This book is a gentle, concise introduction to the subject in the light of Perelman’s work from 2002/2003 (loc. cit.) [for other very recent texts that are self-contained, modern introductions to the Ricci flow, covering also other basic important topics, published after the author’s book, see R. Müller, “Differential Harnack Inequalities and the Ricci Flow”, EMS Series of Lectures in Mathematics. (Zürich): European Mathematical Society Publishing House. (2006; Zbl 1103.58014); B. Chow, P. Lu, and L. Ni, “Hamilton’s Ricci Flow”, Graduate Studies in Mathematics, Vol. 77 (2006) (expected publication date is January 18, 2007)].

Chapter 1 explains the concept of Ricci flow and where it came from, it presents explicit simple examples of such flows, it gives special solutions (in particular, Ricci solitons) of the flow equation, it lists all closed, oriented manifolds in low dimensions and sketches what is known about the geometric structures they support, and it gives an heuristic outline concerning the use of Ricci flow to prove topological and geometric results.

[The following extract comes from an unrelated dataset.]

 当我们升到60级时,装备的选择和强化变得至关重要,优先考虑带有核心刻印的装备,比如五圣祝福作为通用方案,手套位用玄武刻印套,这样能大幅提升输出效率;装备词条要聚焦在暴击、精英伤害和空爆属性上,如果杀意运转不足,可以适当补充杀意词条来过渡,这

Chapter 2 is on Riemannian geometry and covers Einstein metrics, deformation of geometric quantities as the Riemannian metric varies, Laplacian of the Riemann tensor field \(Rm\) as well as the evolution of \(Rm\), the Ricci tensor field Ric and the scalar curvature \(R\) under the Ricci flow.

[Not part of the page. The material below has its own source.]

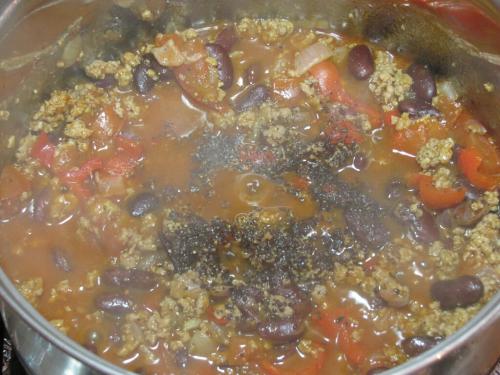 7. Добавляем тертый шоколад, черный перец, вторую половину стручка чили. Тушим еще минут 10, регулярно помешиваем.

Chapter 3 discusses consequences of the maximum principle. By applying this principle, the author illustrates the possibility to get some preliminary control on how \(R\), the volume and the norm \(| Rm| \) of \(Rm\) evolve as well as a global version of estimates for higher order derivatives of \(\nabla^kRm\) (= the \(k\)-th order covariant differential of \(Rm\) of a Ricci flow).

Chapter 4 sketches the type of existence and uniqueness results one can prove for reasonable parabolic PDE.

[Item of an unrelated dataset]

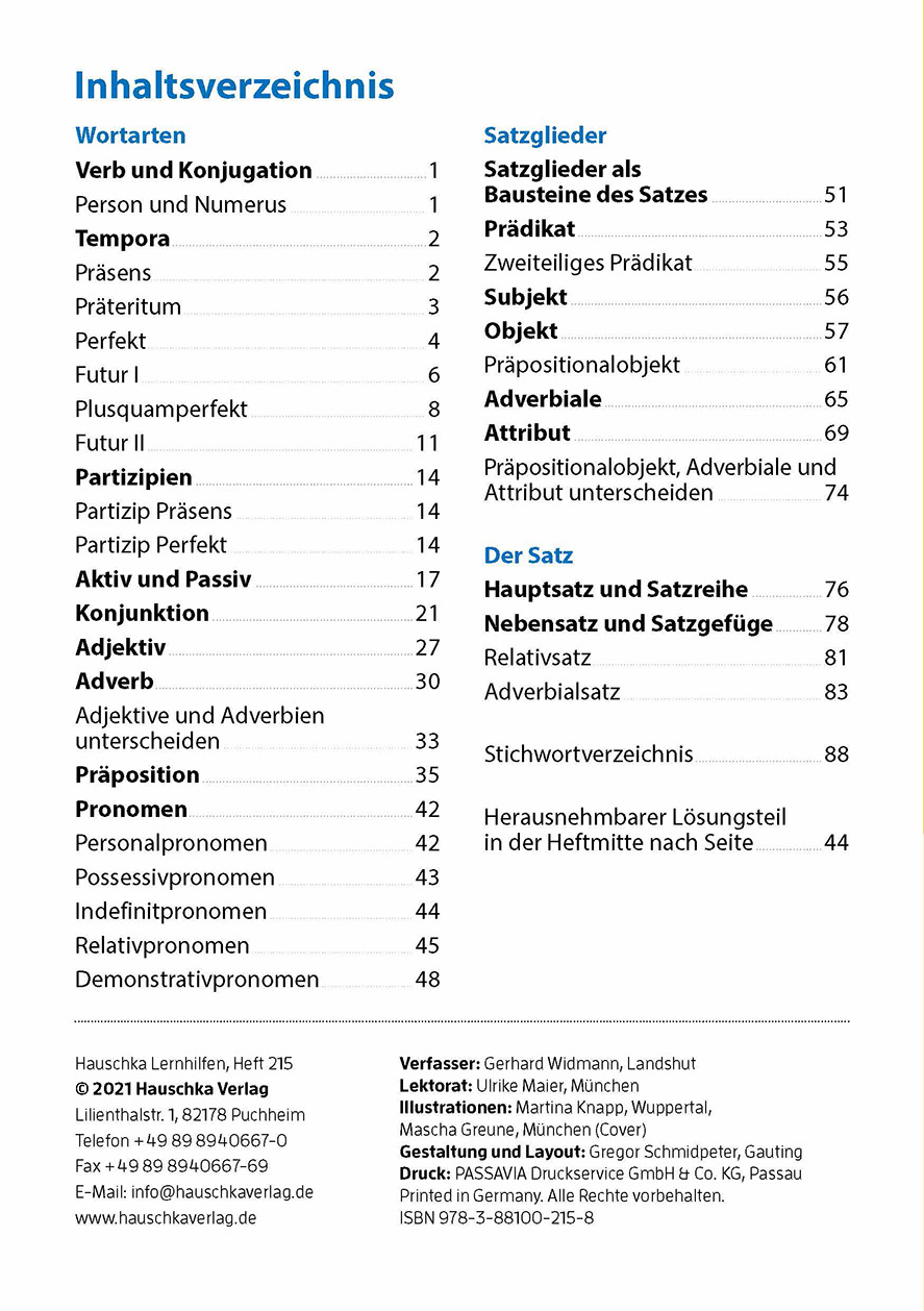 Diese Hauschka-Lernhilfe bietet einen Überblick über sämtliche Wortarten und Satzglieder. Zu jedem Kapitel gibt es zahlreiche Übungen, einen Merkkasten, in dem die wichtigsten Regeln festgehalten sind, sowie einen Zwischentest, um das Gelernte noch einmal zu ü...Diese Hauschka-Lernhilfe bietet einen Überblick über sämtliche Wortarten und Satzglieder. Zu jedem Kapitel gibt es zahlreiche Übungen, einen Merkkasten, in dem die wichtigsten Regeln festgehalten sind, sowie einen Zwischentest, um das Gelernte noch einmal zu überprüfen.

Chapter 5 justifies the existence and uniqueness of a Ricci flow, over some short time interval, starting with a given smooth initial metric, on a smooth, closed manifold. This is done by reducing the problem to the solution of a parabolic equation using the D. DeTurck trick [J. Differ. Geom. 18, 157–162 (1983; Zbl 0517.53044)]. Moreover, taking into account estimates established in Chapter 3, the fact that Riemann tensor field \(Rm\) of a Ricci flow blows-up in magnitude at a finite-time singularity is proven. Chapter 6 is on the “Fisher information” functional, leading to the formulation of the Ricci flow as a gradient flow, and on the classical entropy.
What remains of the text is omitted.